O Senado decidiu que vai trabalhar na elaboração de um novo texto para o projeto que trata do socorro emergencial aos Estados e municípios. A mudança de rumos agradou o governo federal, mas tende a colocar a Casa em rota de colisão com o presidente da Câmara, Rodrigo Maia, e seu grupo político. O motivo é a disputa por legitimidade. Os senadores acreditam que, por representarem a Casa da federação, devem ter preferência para discutir assuntos relativos aos governos Estaduais e prefeituras.

Na prática, ao estruturar uma nova proposta, o Senado ganha a possibilidade de dar a palavra final sobre o projeto, o que não aconteceria se os senadores apenas modificassem o texto que já foi aprovado pela Câmara. Para isso, o substitutivo construído pelo deputado Pedro Paulo (DEM-RJ), e referendado pelos deputados no início da semana, foi apensado a um outro projeto similar, mas de autoria do vice-presidente da Casa, Antonio Anastasia (PSD-MG).

A estratégia foi articulada pelo presidente do Senado, Davi Alcolumbre (DEM-AP), junto aos líderes partidários. Ainda assim, eles dizem que o novo texto terá como base justamente as mudanças que foram propostas pela Câmara. O líder do governo no Senado, Fernando Bezerra Coelho (MDB-PE), também tratou de acalmar governadores e prefeitos ao dizer que toda essa nova tramitação será feita em até duas semanas, para que os recursos possam chegar aos Estados no início de maio.

"O que todos querem é que essa construção possa ser feita de forma célere, rápida, porque o dinheiro tem que chegar até o final do mês de abril ou início de maio, porque os Estados vão ter dificuldade para pagar a folha. Pagar a folha e a previdência é um problema real. Temos que trabalhar para irrigar as contas dos Estados, mas através de critérios justos", disse Bezerra, em entrevista a rádios pernambucanas. Ele emendou dizendo que será definido um novo valor de repasse aos governadores, contrariando o que já havia sido definido pelos deputados, e obedecendo "critérios mais justos".

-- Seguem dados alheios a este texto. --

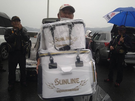 各部の2位以下の方や残念ながら釣果の無かった方もサンライン製品の賞品が全員に手渡されました。
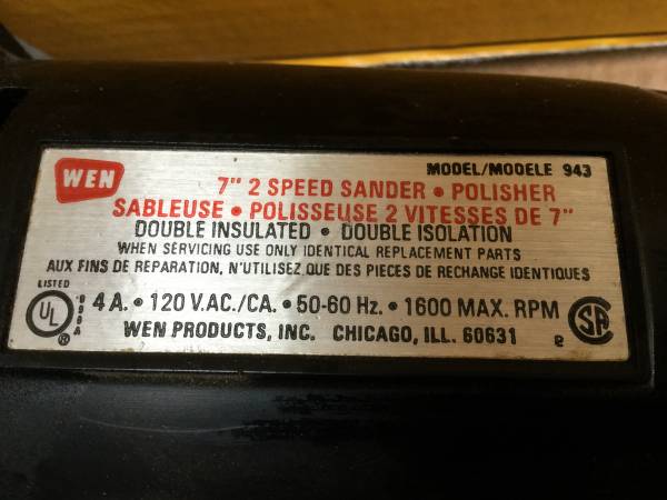 Sander Polisher 1⃣️Black And Decker Sander Polisher Model 9531 7" Diameter 2 Speed 3/4 HP, $ 25, 2⃣️WEN 7" 2 SPEED SANDER POLISHER MODEL 943 1600 rpm ,$35.

Essa definição irritou Rodrigo Maia. O presidente da Câmara reconheceu que demorou a pautar projetos dos senadores, o que tem gerado o conflito entre as duas Casas, mas defendeu que os senadores desistam da "manobra". Para ele, isso "não tem como funcionar" e é melhor os senadores negociarem com a Câmara. "Se trocar o projeto vai ficar num impasse. Os deputados podem ficar sem vontade de votar o projeto do Senado e os senadores sem vontade de votar o da Câmara. E quem sai prejudicado? A sociedade, que precisa do atendimento de saúde das cidades e dos Estados no enfrentamento ao coronavírus", afirmou.

Nesse conflito, Maia tem ao seu lado a pressão exercida pelos chefes dos Executivos estaduais. Vinte e cinco governadores do país redigiram ontem e enviaram à presidência do Senado uma carta com apelos para que aprovem integralmente o projeto de lei complementar que assegura auxílio financeiro da União a Estados e municípios para o combate do coronavírus.

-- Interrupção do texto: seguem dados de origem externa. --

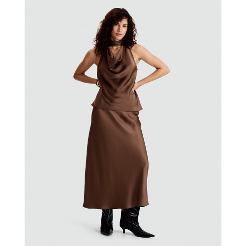 The F&F Edit Satin High Cowl Neck Sleeveless Blouse in Brown
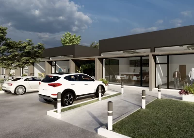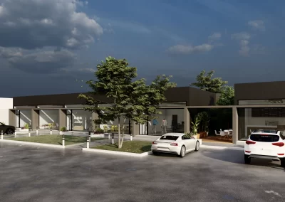 Cuenta con 4 estacionamientos de cortesía de uso público y amplio espacio verde de expansión de los locales de uso compartido ambientado con mobiliario urbano y paisajismo.
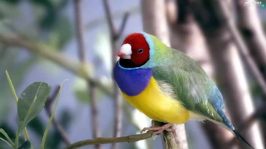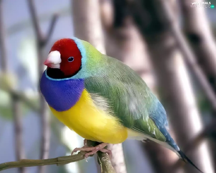 Bird, Poephila, branch, Amadyniec
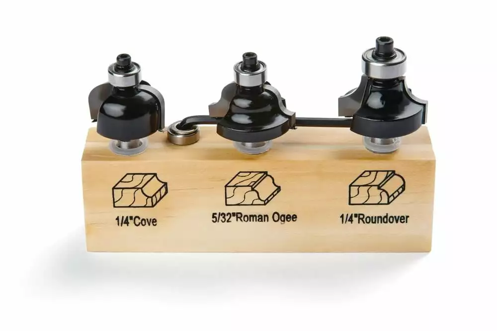 - Set includes: 1/4-in cove, 5/32-in roman Ogee, 1/4-in round over router bits
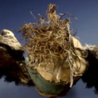 Cuir, pigments vert, noir, ocre et brun, plumes, crin, fibres végétales.
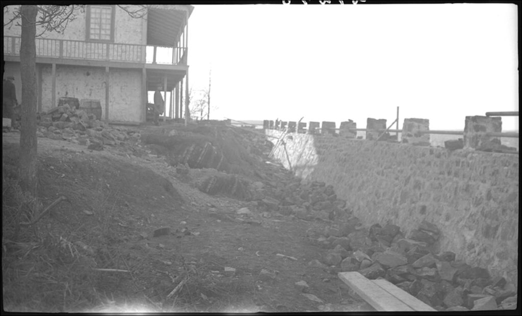 Arrière du mur de maçonnerie de l'école apostolique de Berthier

"A imediata aprovação do referido projeto constitui, assim, forma eficiente de evitar uma perturbação generalizada e salvar numerosas vidas. Afinal, a demora na apresentação de soluções concretas é o nosso maior inimigo depois do vírus", destaca trecho do documento.

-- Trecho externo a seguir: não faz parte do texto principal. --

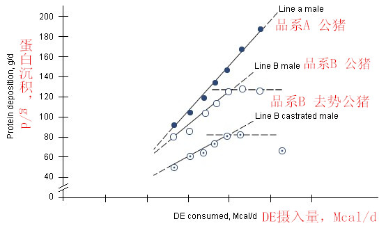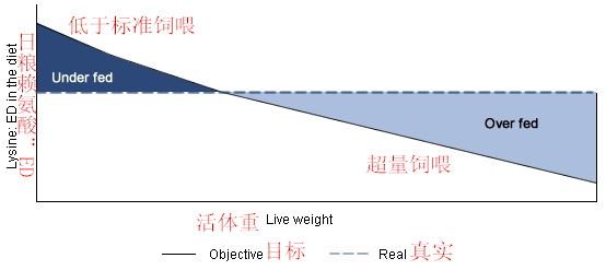 圖1.在堪薩斯州實驗農場,PIC豬的可消化賴氨酸需求模型a a選自Bergstrom等,2009. · 圖2 體重為45-90kg的兩種父系種豬和去勢公豬的能量攝入和蛋白質沉積之間的關系a · a選自Campbell等,1988 ·飼喂階段。育肥豬的營養需求不是一成不變的,也不是僅僅變化2-3次(當我們改變飼料的時候)。在圖3中,如果我們能調整到適合它們的需求狀態時,我們將會節省成本,同時還能確保ADG和FCR。 圖3 日糧中的賴氨酸目標與單個日糧中的賴氨酸水平對比 a選自農業與園藝發展委員會. ·當每天飼喂的賴氨酸量不充分時,我們就會損失ADG和FCR。同樣地,如果我們添加過多賴氨酸,將會增加飼料的成本。 ·性別差異。這個時候還要考慮公母差異。公豬和母豬的生長曲線并不一樣,所以它們的需求也不一樣,當混群飼養時,我們既不要過度飼喂母豬,也不要影響公豬的生長潛力。 ·調整飼喂階段。飼料的營養特征會隨著時間改變。您需要定期與生產商聯系,查看不同生產期正確的飼料供應量。我們尤其要注意仔豬的飼料。不要過多地給飼料,超過它們的需求。按照斷奶仔豬的生長目標,盡可能地為仔豬提供“便宜”的日糧。 ·圖4.堪薩斯州大學建議的斷奶飼料量(kg)a. a選自2007養豬日
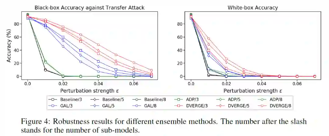 上图左右分别展示了集成模型训练后整体对不同强度的黑盒攻击(在其他模型上生成)与白盒攻击(直接针对集成模型)的鲁棒性。

O projeto aprovado pela Câmara determina uma recomposição pela União da queda da arrecadação do ICMS e do ISS, por seis meses. O texto foi aprovado à revelia da equipe econômica porque tem um impacto fiscal de R$ 89,6 bilhões. O texto também prevê a suspensão do pagamento dos empréstimos com o Banco Nacional de Desenvolvimento Econômico e Social (BNDES) e a Caixa Econômica Federal de março a dezembro deste ano. Além disso, os deputados determinam que os recursos do auxílio financeiro devem ser destinados a ações que mitiguem os impactos da pandemia.